About this task>
Please print, exactly, only the lines in the entries below from the line that has "Dior Fashion Drawing" through the line that has "Villeroy und Boch". Pictures don't go in.

Records supplied>
+++++
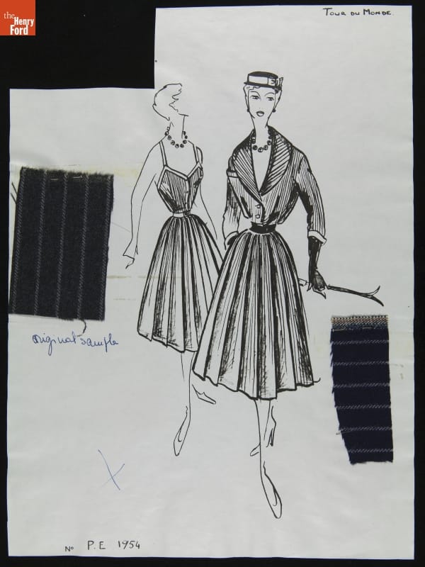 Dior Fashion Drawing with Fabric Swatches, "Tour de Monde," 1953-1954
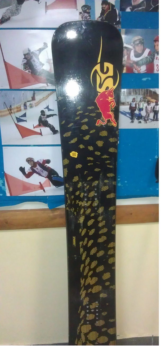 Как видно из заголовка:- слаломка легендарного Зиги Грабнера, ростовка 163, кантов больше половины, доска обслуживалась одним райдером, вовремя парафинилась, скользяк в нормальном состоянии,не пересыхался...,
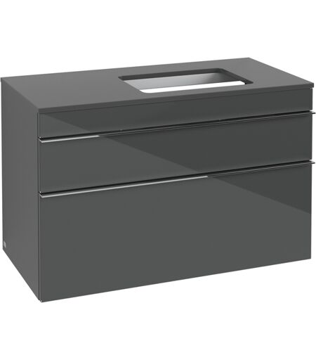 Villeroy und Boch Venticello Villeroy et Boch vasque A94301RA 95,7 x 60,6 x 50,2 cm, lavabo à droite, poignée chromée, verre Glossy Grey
+++++
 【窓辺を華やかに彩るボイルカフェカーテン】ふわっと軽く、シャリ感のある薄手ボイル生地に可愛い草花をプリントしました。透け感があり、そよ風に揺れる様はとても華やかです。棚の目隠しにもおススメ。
+++++
Response to the task>
 Dior Fashion Drawing with Fabric Swatches, "Tour de Monde," 1953-1954
 Как видно из заголовка:- слаломка легендарного Зиги Грабнера, ростовка 163, кантов больше половины, доска обслуживалась одним райдером, вовремя парафинилась, скользяк в нормальном состоянии,не пересыхался...,
 Villeroy und Boch Venticello Villeroy et Boch vasque A94301RA 95,7 x 60,6 x 50,2 cm, lavabo à droite, poignée chromée, verre Glossy Grey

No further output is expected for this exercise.